# What needs to be done
Go to the line holding "沢(17画)井(4画) 快(7画)翔(12画)" in the entries below and write out exactly every line down to and including the line holding "Weiter gemacht habe".
++++ Data provided ++++
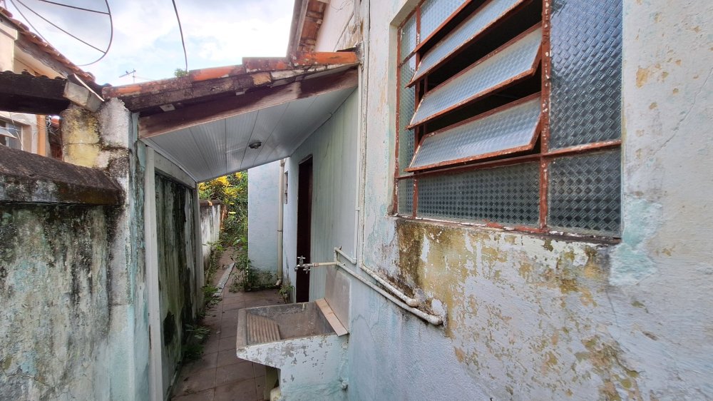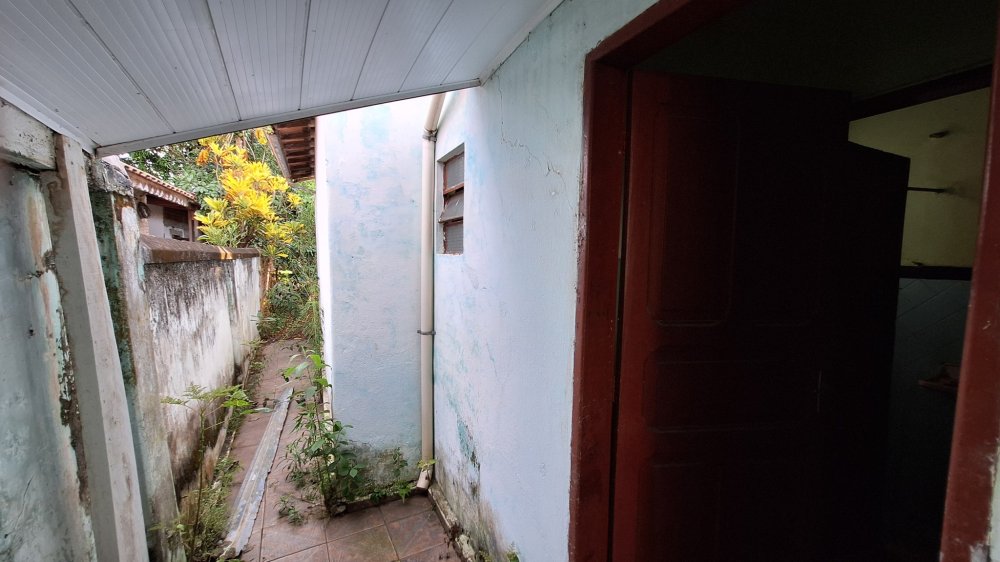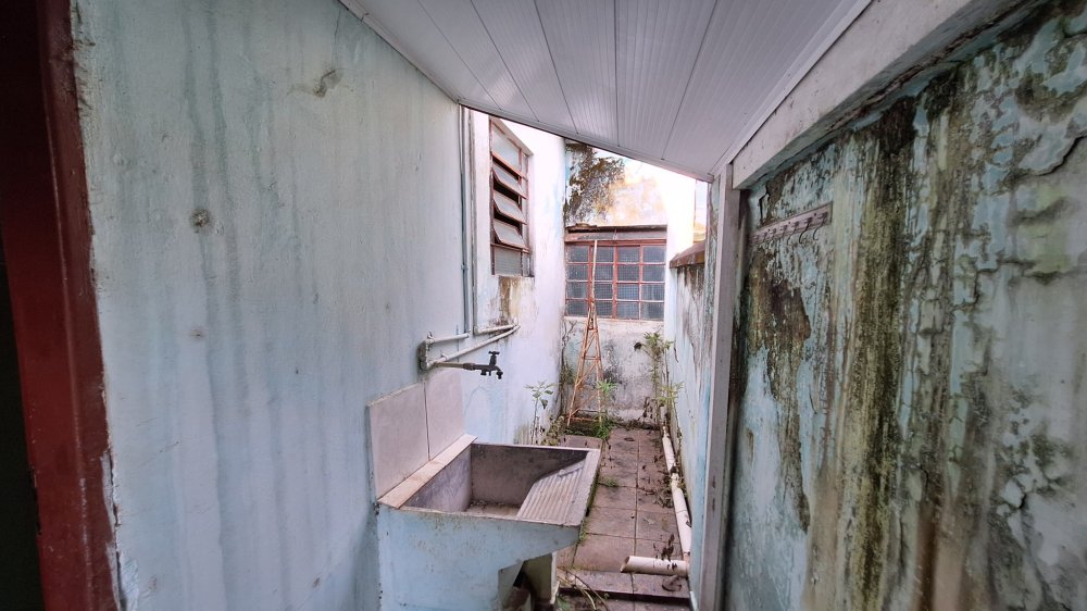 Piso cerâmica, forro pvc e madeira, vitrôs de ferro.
++++
++++ Data provided ++++
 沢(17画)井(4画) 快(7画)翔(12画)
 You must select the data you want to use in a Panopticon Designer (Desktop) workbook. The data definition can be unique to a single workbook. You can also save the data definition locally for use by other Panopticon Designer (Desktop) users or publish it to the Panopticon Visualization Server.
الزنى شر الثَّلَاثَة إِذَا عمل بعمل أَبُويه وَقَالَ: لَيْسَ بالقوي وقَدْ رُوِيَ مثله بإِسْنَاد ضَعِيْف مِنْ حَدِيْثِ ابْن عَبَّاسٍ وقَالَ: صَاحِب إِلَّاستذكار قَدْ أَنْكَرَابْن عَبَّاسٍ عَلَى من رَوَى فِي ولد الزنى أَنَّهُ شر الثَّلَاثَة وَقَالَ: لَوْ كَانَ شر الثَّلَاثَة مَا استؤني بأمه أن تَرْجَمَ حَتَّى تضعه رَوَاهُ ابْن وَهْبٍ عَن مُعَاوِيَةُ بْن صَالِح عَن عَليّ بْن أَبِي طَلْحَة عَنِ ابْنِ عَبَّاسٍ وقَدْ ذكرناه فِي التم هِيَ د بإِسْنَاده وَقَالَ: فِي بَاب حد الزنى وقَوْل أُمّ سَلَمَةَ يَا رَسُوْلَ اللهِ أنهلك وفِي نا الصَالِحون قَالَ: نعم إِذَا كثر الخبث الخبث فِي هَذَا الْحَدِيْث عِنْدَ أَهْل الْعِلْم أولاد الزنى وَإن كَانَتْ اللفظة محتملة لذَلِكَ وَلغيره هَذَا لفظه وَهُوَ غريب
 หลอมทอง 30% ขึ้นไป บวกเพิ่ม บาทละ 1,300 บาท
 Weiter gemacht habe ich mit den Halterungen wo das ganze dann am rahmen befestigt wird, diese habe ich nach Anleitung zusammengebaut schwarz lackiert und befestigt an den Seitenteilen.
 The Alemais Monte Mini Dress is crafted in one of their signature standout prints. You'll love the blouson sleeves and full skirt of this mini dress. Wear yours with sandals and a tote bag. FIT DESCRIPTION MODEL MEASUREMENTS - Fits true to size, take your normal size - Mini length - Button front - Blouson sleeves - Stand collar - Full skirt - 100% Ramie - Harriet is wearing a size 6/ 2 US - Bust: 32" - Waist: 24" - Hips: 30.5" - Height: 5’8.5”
++++
# Exercise output
 沢(17画)井(4画) 快(7画)翔(12画)
 You must select the data you want to use in a Panopticon Designer (Desktop) workbook. The data definition can be unique to a single workbook. You can also save the data definition locally for use by other Panopticon Designer (Desktop) users or publish it to the Panopticon Visualization Server.
الزنى شر الثَّلَاثَة إِذَا عمل بعمل أَبُويه وَقَالَ: لَيْسَ بالقوي وقَدْ رُوِيَ مثله بإِسْنَاد ضَعِيْف مِنْ حَدِيْثِ ابْن عَبَّاسٍ وقَالَ: صَاحِب إِلَّاستذكار قَدْ أَنْكَرَابْن عَبَّاسٍ عَلَى من رَوَى فِي ولد الزنى أَنَّهُ شر الثَّلَاثَة وَقَالَ: لَوْ كَانَ شر الثَّلَاثَة مَا استؤني بأمه أن تَرْجَمَ حَتَّى تضعه رَوَاهُ ابْن وَهْبٍ عَن مُعَاوِيَةُ بْن صَالِح عَن عَليّ بْن أَبِي طَلْحَة عَنِ ابْنِ عَبَّاسٍ وقَدْ ذكرناه فِي التم هِيَ د بإِسْنَاده وَقَالَ: فِي بَاب حد الزنى وقَوْل أُمّ سَلَمَةَ يَا رَسُوْلَ اللهِ أنهلك وفِي نا الصَالِحون قَالَ: نعم إِذَا كثر الخبث الخبث فِي هَذَا الْحَدِيْث عِنْدَ أَهْل الْعِلْم أولاد الزنى وَإن كَانَتْ اللفظة محتملة لذَلِكَ وَلغيره هَذَا لفظه وَهُوَ غريب
 หลอมทอง 30% ขึ้นไป บวกเพิ่ม บาทละ 1,300 บาท
 Weiter gemacht habe ich mit den Halterungen wo das ganze dann am rahmen befestigt wird, diese habe ich nach Anleitung zusammengebaut schwarz lackiert und befestigt an den Seitenteilen.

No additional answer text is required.